§ Required action: Once the pictures are removed, restate the listing word for word.

§ Data block:
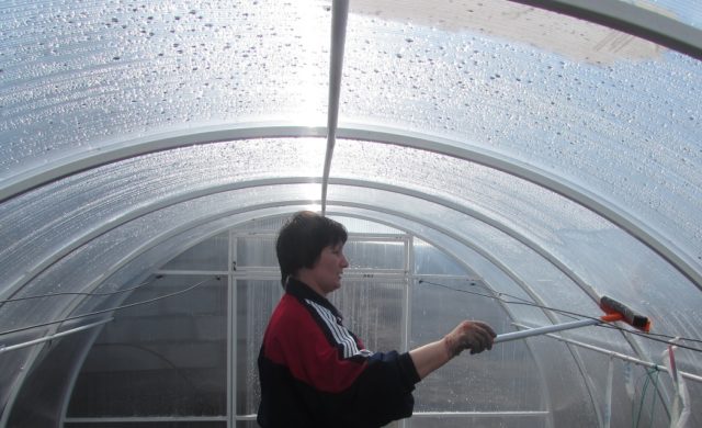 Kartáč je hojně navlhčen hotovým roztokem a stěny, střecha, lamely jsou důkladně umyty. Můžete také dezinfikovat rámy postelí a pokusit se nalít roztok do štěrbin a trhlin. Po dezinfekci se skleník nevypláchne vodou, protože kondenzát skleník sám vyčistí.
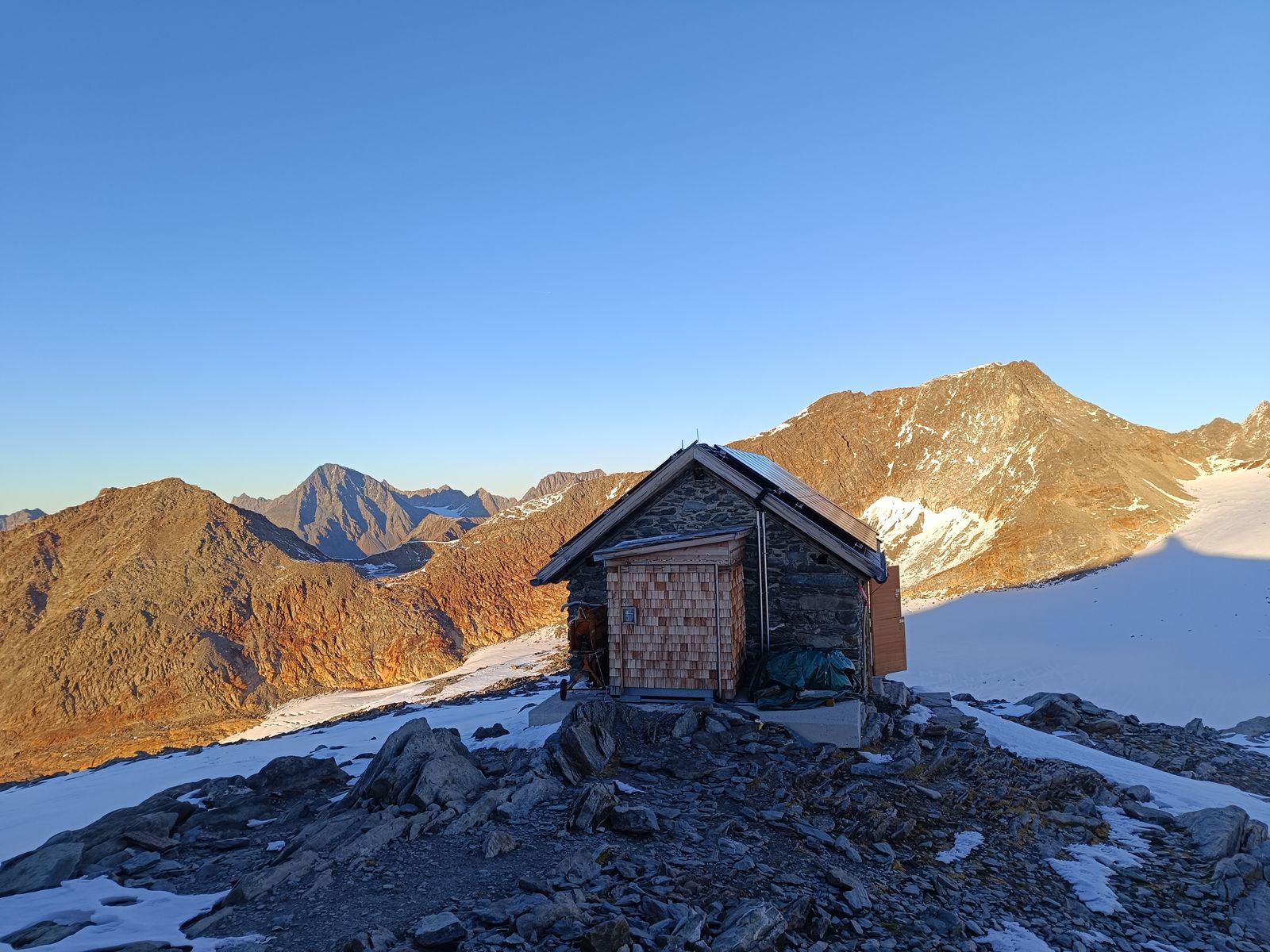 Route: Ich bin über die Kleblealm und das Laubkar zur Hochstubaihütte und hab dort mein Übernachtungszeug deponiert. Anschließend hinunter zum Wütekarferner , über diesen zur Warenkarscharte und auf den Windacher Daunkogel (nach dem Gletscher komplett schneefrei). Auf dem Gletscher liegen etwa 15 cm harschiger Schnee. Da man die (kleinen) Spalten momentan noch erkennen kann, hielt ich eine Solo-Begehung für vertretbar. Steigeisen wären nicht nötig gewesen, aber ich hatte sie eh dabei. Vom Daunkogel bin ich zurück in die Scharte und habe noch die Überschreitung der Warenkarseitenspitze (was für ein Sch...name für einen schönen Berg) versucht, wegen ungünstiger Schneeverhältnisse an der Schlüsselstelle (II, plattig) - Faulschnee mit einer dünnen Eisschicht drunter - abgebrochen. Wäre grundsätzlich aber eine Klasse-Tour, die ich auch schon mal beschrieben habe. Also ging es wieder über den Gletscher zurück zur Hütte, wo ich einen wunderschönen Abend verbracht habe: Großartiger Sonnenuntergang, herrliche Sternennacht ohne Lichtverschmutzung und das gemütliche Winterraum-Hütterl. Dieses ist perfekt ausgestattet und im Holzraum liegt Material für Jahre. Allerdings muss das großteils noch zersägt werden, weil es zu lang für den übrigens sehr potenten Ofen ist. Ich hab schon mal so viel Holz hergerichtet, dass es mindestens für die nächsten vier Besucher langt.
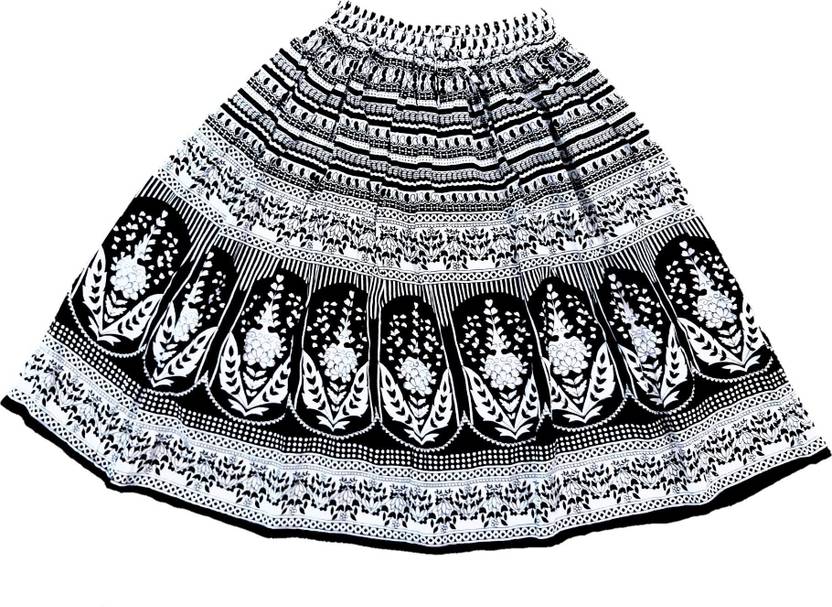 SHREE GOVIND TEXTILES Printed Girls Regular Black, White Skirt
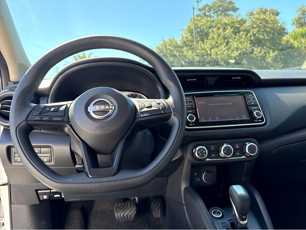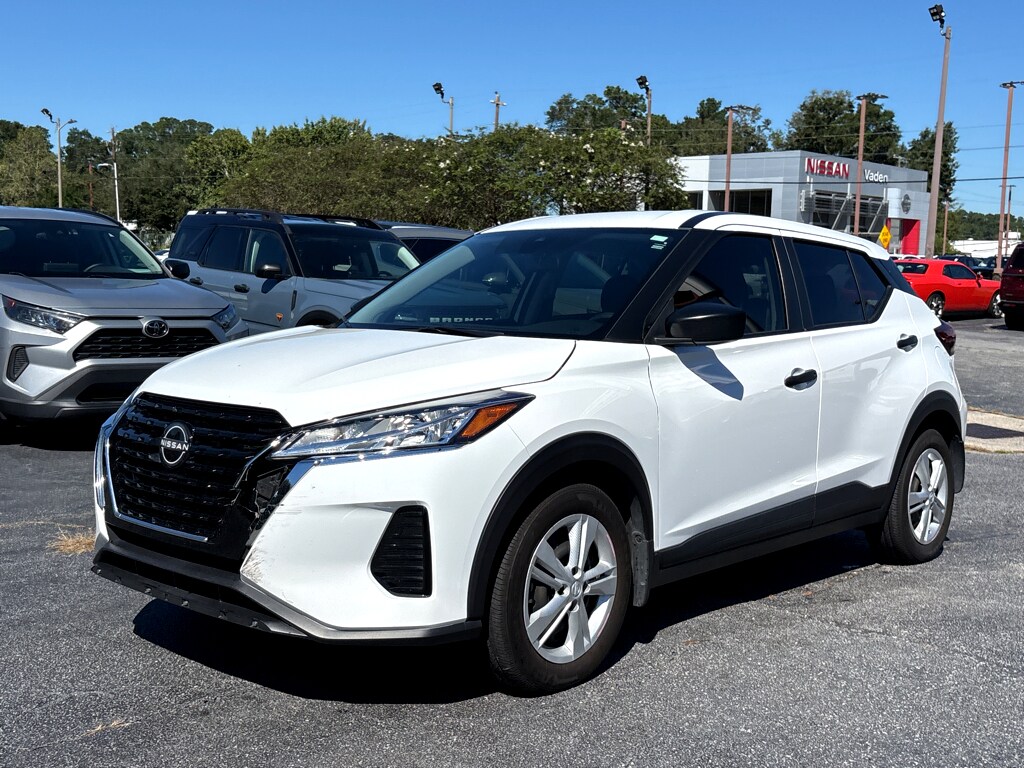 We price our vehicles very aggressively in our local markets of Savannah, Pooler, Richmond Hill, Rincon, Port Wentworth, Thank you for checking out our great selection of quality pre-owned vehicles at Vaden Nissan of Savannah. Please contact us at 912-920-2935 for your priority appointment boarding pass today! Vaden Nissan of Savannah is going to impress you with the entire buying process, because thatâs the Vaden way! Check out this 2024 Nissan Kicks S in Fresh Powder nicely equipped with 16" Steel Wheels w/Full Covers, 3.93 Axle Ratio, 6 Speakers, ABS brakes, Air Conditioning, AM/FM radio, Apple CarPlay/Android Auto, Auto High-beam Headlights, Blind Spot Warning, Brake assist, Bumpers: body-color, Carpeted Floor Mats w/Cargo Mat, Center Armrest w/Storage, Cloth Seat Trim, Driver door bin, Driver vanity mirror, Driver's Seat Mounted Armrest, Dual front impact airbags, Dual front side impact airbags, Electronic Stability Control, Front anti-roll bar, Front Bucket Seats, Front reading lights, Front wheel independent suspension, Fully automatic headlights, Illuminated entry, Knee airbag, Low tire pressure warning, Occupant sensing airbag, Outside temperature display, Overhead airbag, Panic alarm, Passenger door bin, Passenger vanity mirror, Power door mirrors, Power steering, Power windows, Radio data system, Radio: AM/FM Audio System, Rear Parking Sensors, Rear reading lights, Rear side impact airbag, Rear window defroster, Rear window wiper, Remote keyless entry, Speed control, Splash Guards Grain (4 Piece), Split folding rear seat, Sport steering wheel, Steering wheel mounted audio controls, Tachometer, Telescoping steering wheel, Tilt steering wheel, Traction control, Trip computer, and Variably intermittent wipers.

§ Answer to the problem:
 Kartáč je hojně navlhčen hotovým roztokem a stěny, střecha, lamely jsou důkladně umyty. Můžete také dezinfikovat rámy postelí a pokusit se nalít roztok do štěrbin a trhlin. Po dezinfekci se skleník nevypláchne vodou, protože kondenzát skleník sám vyčistí.
 Route: Ich bin über die Kleblealm und das Laubkar zur Hochstubaihütte und hab dort mein Übernachtungszeug deponiert. Anschließend hinunter zum Wütekarferner , über diesen zur Warenkarscharte und auf den Windacher Daunkogel (nach dem Gletscher komplett schneefrei). Auf dem Gletscher liegen etwa 15 cm harschiger Schnee. Da man die (kleinen) Spalten momentan noch erkennen kann, hielt ich eine Solo-Begehung für vertretbar. Steigeisen wären nicht nötig gewesen, aber ich hatte sie eh dabei. Vom Daunkogel bin ich zurück in die Scharte und habe noch die Überschreitung der Warenkarseitenspitze (was für ein Sch...name für einen schönen Berg) versucht, wegen ungünstiger Schneeverhältnisse an der Schlüsselstelle (II, plattig) - Faulschnee mit einer dünnen Eisschicht drunter - abgebrochen. Wäre grundsätzlich aber eine Klasse-Tour, die ich auch schon mal beschrieben habe. Also ging es wieder über den Gletscher zurück zur Hütte, wo ich einen wunderschönen Abend verbracht habe: Großartiger Sonnenuntergang, herrliche Sternennacht ohne Lichtverschmutzung und das gemütliche Winterraum-Hütterl. Dieses ist perfekt ausgestattet und im Holzraum liegt Material für Jahre. Allerdings muss das großteils noch zersägt werden, weil es zu lang für den übrigens sehr potenten Ofen ist. Ich hab schon mal so viel Holz hergerichtet, dass es mindestens für die nächsten vier Besucher langt.
 SHREE GOVIND TEXTILES Printed Girls Regular Black, White Skirt
 We price our vehicles very aggressively in our local markets of Savannah, Pooler, Richmond Hill, Rincon, Port Wentworth, Thank you for checking out our great selection of quality pre-owned vehicles at Vaden Nissan of Savannah. Please contact us at 912-920-2935 for your priority appointment boarding pass today! Vaden Nissan of Savannah is going to impress you with the entire buying process, because thatâs the Vaden way! Check out this 2024 Nissan Kicks S in Fresh Powder nicely equipped with 16" Steel Wheels w/Full Covers, 3.93 Axle Ratio, 6 Speakers, ABS brakes, Air Conditioning, AM/FM radio, Apple CarPlay/Android Auto, Auto High-beam Headlights, Blind Spot Warning, Brake assist, Bumpers: body-color, Carpeted Floor Mats w/Cargo Mat, Center Armrest w/Storage, Cloth Seat Trim, Driver door bin, Driver vanity mirror, Driver's Seat Mounted Armrest, Dual front impact airbags, Dual front side impact airbags, Electronic Stability Control, Front anti-roll bar, Front Bucket Seats, Front reading lights, Front wheel independent suspension, Fully automatic headlights, Illuminated entry, Knee airbag, Low tire pressure warning, Occupant sensing airbag, Outside temperature display, Overhead airbag, Panic alarm, Passenger door bin, Passenger vanity mirror, Power door mirrors, Power steering, Power windows, Radio data system, Radio: AM/FM Audio System, Rear Parking Sensors, Rear reading lights, Rear side impact airbag, Rear window defroster, Rear window wiper, Remote keyless entry, Speed control, Splash Guards Grain (4 Piece), Split folding rear seat, Sport steering wheel, Steering wheel mounted audio controls, Tachometer, Telescoping steering wheel, Tilt steering wheel, Traction control, Trip computer, and Variably intermittent wipers.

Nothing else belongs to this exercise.